A deep-dive Edexcel GCSE Business guide to Topic 1.1, Enterprise and entrepreneurship. Covers the dynamic nature of business, risk and reward, the purpose of business activity, adding value, and the role of the entrepreneur, with the exam patterns Edexcel repeats in Paper 1.

Generated by Claude Opus 4.814 min read1BS0 Topic 1.1

Reviewed by: AI editorial process; not yet individually human-reviewed

Jump to a section
  1. What Topic 1.1 actually demands
  2. The dynamic nature of business
  3. Risk and reward
  4. The role of business enterprise and the entrepreneur
  5. The exam patterns Edexcel repeats

What Topic 1.1 actually demands

Enterprise and entrepreneurship opens Theme 1 and sets up the whole course. It rewards precise knowledge of why and how businesses start, the balance of risk and reward, and the role of the entrepreneur, plus the one calculation it introduces: added value. It links forward to spotting a business opportunity (1.2) and putting an idea into practice (1.3).

This guide walks through all three dot points of the topic in specification order, then sets out the exam patterns Edexcel repeats. Each dot point has a matching page with practice questions; this overview ties them together.

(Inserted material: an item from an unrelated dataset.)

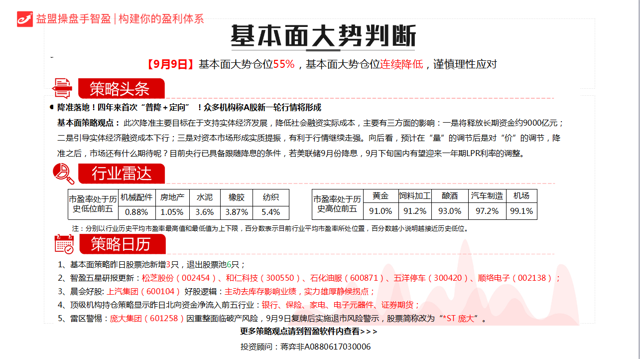 1、央行:全面降准0.5个百分点+定向降准1个百分点,释放长期资金约9000亿元;
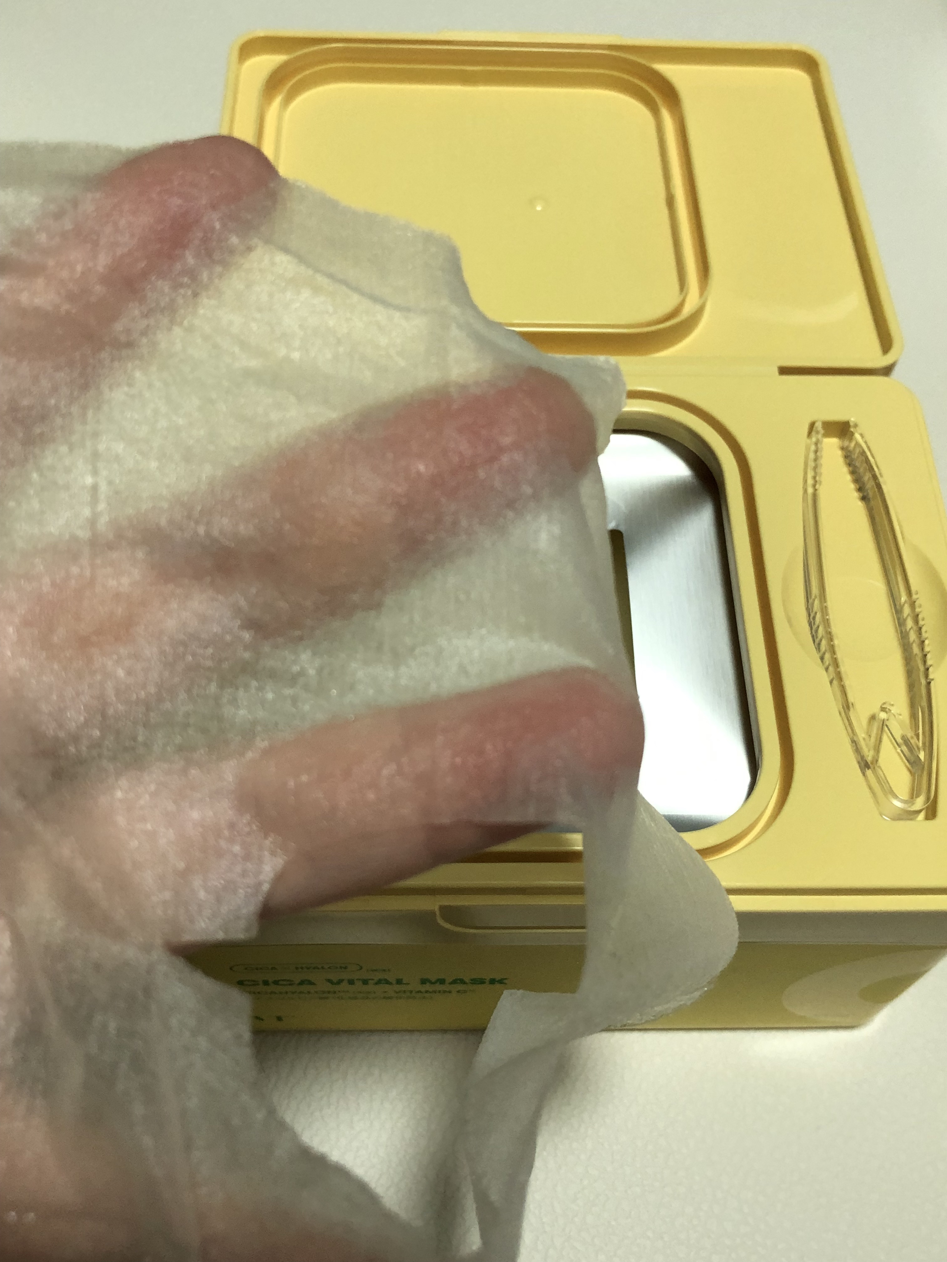 使い切りレビュー💛💛/VTシカバイタルマスク使い切りました👐🏻✨だいぶ前に購入した箱パック!今月も初日から無事に箱パック使い切りました👐🏻✨エッセンスひたひたで、さっぱり潤ってくれるよう✨朝のメイク前に使っていました👍🏻✨長期保管してたからか、開封した瞬間蓋が壊れてたww#VT#韓国コスメ#韓国スキンケア#1日1CICA#使い切りレビュー

The dynamic nature of business

Business is dynamic: it never stands still, so new business ideas keep appearing. New ideas come about because of changes in technology (which make new products possible), changes in what consumers want (tastes and trends move on), and products and services becoming obsolete (out of date, so a replacement is needed). Ideas come about in two ways: as original ideas (completely new) or by adapting an existing product, service or idea (improving it, combining ideas, or selling it in a new place). Most successful start-ups adapt rather than invent from scratch.

Risk and reward

Starting a business means taking a risk in the hope of a reward. The main risks are business failure, financial loss (losing the money invested) and lack of security (no guaranteed income). The main rewards are business success, profit and independence. Risk and reward shape business activity: the reward persuades the entrepreneur to accept the risk, while the risk pushes them to research, plan and start small. Entrepreneurs take calculated risks, reducing them through preparation, not reckless ones.

The role of business enterprise and the entrepreneur

The purpose of business activity is to produce goods or services, meet customer needs, and add value. Added value is the selling price minus the cost of bought-in inputs, increased through convenience, branding, quality, design and unique selling points. The more value added, the more a business can charge above its costs, so the more profit per sale. The entrepreneur makes this happen by organising resources (land, labour, capital), making decisions and taking the financial risk.

The exam patterns Edexcel repeats

Edexcel tests Topic 1.1 with multiple-choice and short state/give questions (reasons ideas appear, risks, rewards), an added-value calculation (selling price minus input cost), explain questions linking a method of adding value or a reward to a business, and 6-mark Discuss questions weighing risk against reward or the role of the entrepreneur. Always show your working on the calculation, and apply your points to the specific business in the Source Booklet rather than answering generally.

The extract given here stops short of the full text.